This week in our technique class we focused on reestablishing (or perhaps establishing) a balanced left hand.
As I discussed with my violin professors, Susan Waterbury and Carrie Reuning-Hummel, in preparation for this class, balance is absolutely essential for a technically proficient left hand.
Compare, as an extreme example, these two videos.
The adorable, and very musical young girl struggles with shifting, intonation and vibrato. Issues in the left hand keep her from communicating her musical ideas with the expressive ease that Gil Shaham has.
When we see a hint of this left hand struggle instead of Shaham’s ease in our own students, I think we can trace the issues back to one problem: a misunderstanding of the way weight can shift to the third and fourth fingers.
If, when the fourth finger is pressed down to the string, the weight of the arm is not reorganized through the elbow to the bridge side of the hand, then the hand feels it must compensate for that weight by using a variety of tactics. The left hand will attempt to weigh down the string by…
- squeezing the thumb,
- pressing down with a straight 3 and 4
- supporting the violin with the palm of the hand
- thrusting the wrist forward
- curling the thumb over the top of the fingerboard
- fingers rolling toward the bridge
- the hand pulling underneath the violin
- the fingers collapsing onto each other for support
- the fourth finger hanging underneath the instrument
I’m sure you’ve seen all of these common issues in the performances of well intentioned violinist.
A way to get avoid these symptoms, and the sickness of unbalanced third and fourth fingers to begin with, is to use the clothes hanger trick.

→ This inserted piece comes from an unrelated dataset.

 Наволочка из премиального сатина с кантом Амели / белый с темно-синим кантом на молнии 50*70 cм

I first saw Carrie Reuning-Hummel perform this ‘magic trick’ at the Greater Austin Suzuki Institute four years ago. Way before I ever began studying with her, I stepped in on one of her Book 1 master classes as a part of my 10 hours of observations in Book 2 training. She had whipped out a clothes hanger in order to teach a young student currently performing Minuet 2 the basics of left hand movement.

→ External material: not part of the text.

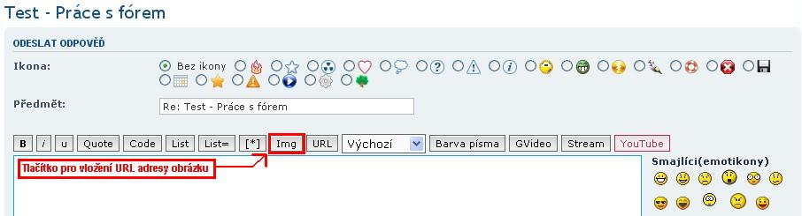 Tlačítka pro vložení obrázku (Img) a odkazu (URL) z jiných serverů

I saw Carrie work with him completely away from his violin and bow — I believe she had instructed him to keep it under the care of his practice partner. She held a firm clothes hanger about her eye level, and allowed the student to drape is left hand fingers over the bar and to just dangle down.

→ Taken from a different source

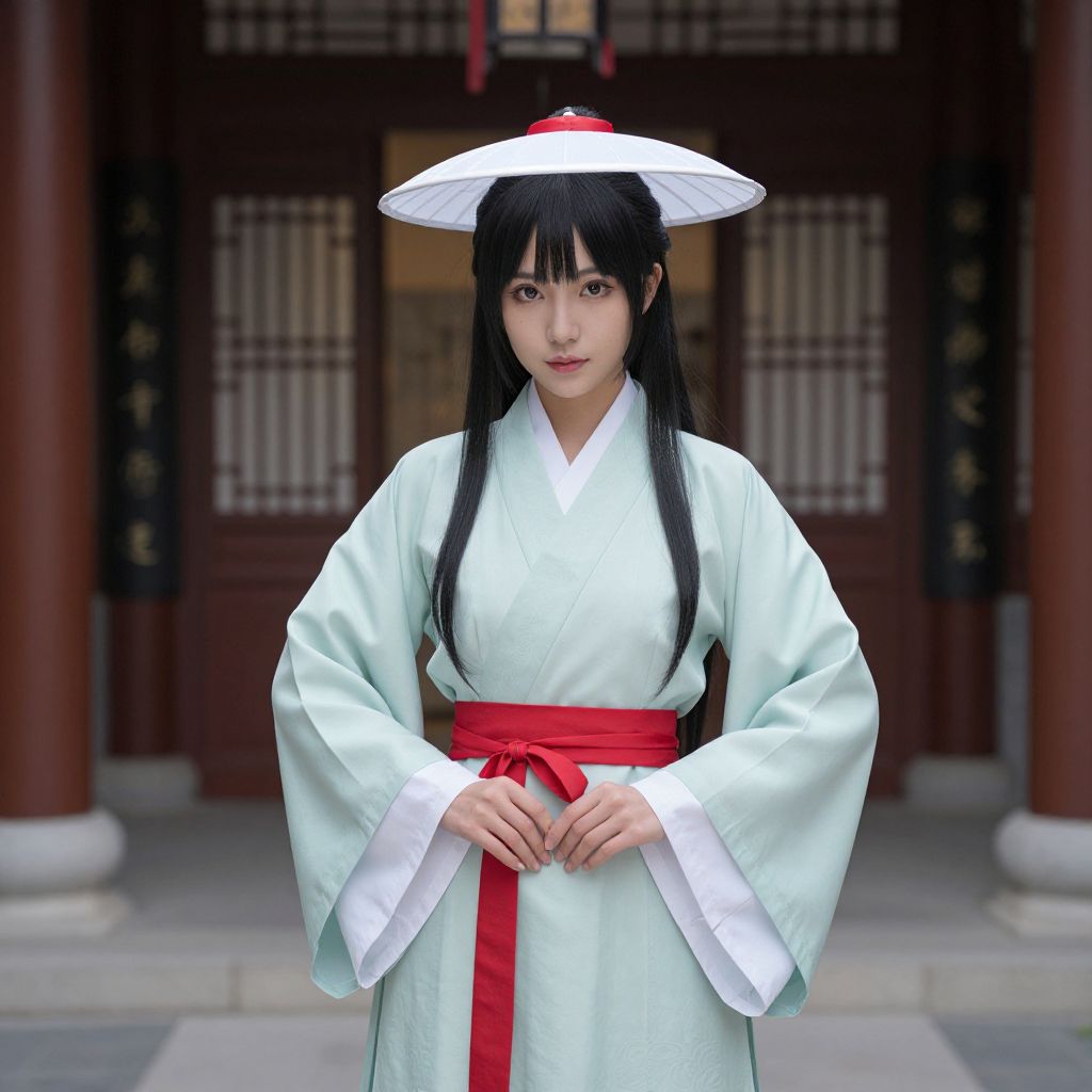 Photograph of an East Asian woman standing in front of a traditional Japanese building with wooden doors and red columns. She has long black hair, straight and parted in the middle, and wears a white kimono with wide sleeves and a bright red obi (belt) tied around her waist. Her wide-brimmed white hat with a red band is slightly tilted. She has a fair skin tone and a calm expression, with her hands resting in front of her. The background includes blurred architectural details and a stone pathway. The image has a soft focus effect, adding a gentle, serene atmosphere.

With the left hand fingers wrapped around the hanger she checked to make sure EVERY muscle in his small arm was released and jiggly. Most importantly, he wasn’t doing any ‘work’ with his shoulder or thumb. In fact the thumb wasn’t even touching the hanger, it was completely released.
The next step was asking him to move the tips of the fingers onto the clothes hanger so that his fingers were aligned in the ‘table-top’ position. Now, requiring only strength from the first knuckle of each finger, she required once again that the rest of the arm was completely relaxed. At this point weight of the entire arm was evenly balanced on each of his fingers.
Next, she asked him to begin supporting that released arm weight between combinations of fingers such as 2 and 3, 1 and 4, 1 and 2, and 2 and 4.
The most difficult step was asking him to balance on just one finger AND THEN seamlessly shift that weight to another finger. In other words, she would have him travel from 1 to 2, 2 to 3, and 3 to 4 without using any arm muscles.
What one finds in doing performing exercise is that supporting the weight of the arm in the third and fourth finger is not impossible, but very awkward. By working to normalize a balance through the third and fourth fingers (acknowledging that they are, in fact, strong enough to support arm weight) playing with 3 and 4 can become effortless.
The strange hand contortions required to PRESS DOWN three and four from a hand only balanced on one and two are no longer useful when the weight of the arm can actually travel to the backside of the hand.
As was the case for the freshmen and sophomores in my technique class, merely experiencing weight in 3 and 4 while on the coat hanger is enough to encourage a change in left hand playing when back on the violin.
So here, distilled, is a list of what to do to perform the ‘coat hanger magic trick.’
- away from the instrument, curl fingers over a clothes hanger supported by teacher, and dangle all arm weight
- dangle all arm weight while balancing on the tips of all fingers
- dangle all arm weight while balancing on the tips finger combos (1+2, 3+4, 1+4, etc.)
- dangle all arm weight while balancing on just one finger
- dangle all arm weight while traveling from one finger to the next
- finally, play a descending scale on the violin while maintaining the feeling of balance in the hand
I will write a future post on how to encourage these mechanics from the beginning with a new student, but these techniques are best used to create massive amounts of change in left hand with a developed student in a remedial sort of way.
I know it’s hard to believe that a little, plastic coat hanger can change so much in the life of your students’ left hands, but I’d encourage you to give it a try right away.
Profound balance shifts are indeed possible with even a brief kinesthetic glimpse. This is the intuitive learning power of our human bodies, and something we as teachers should look to unlock more often.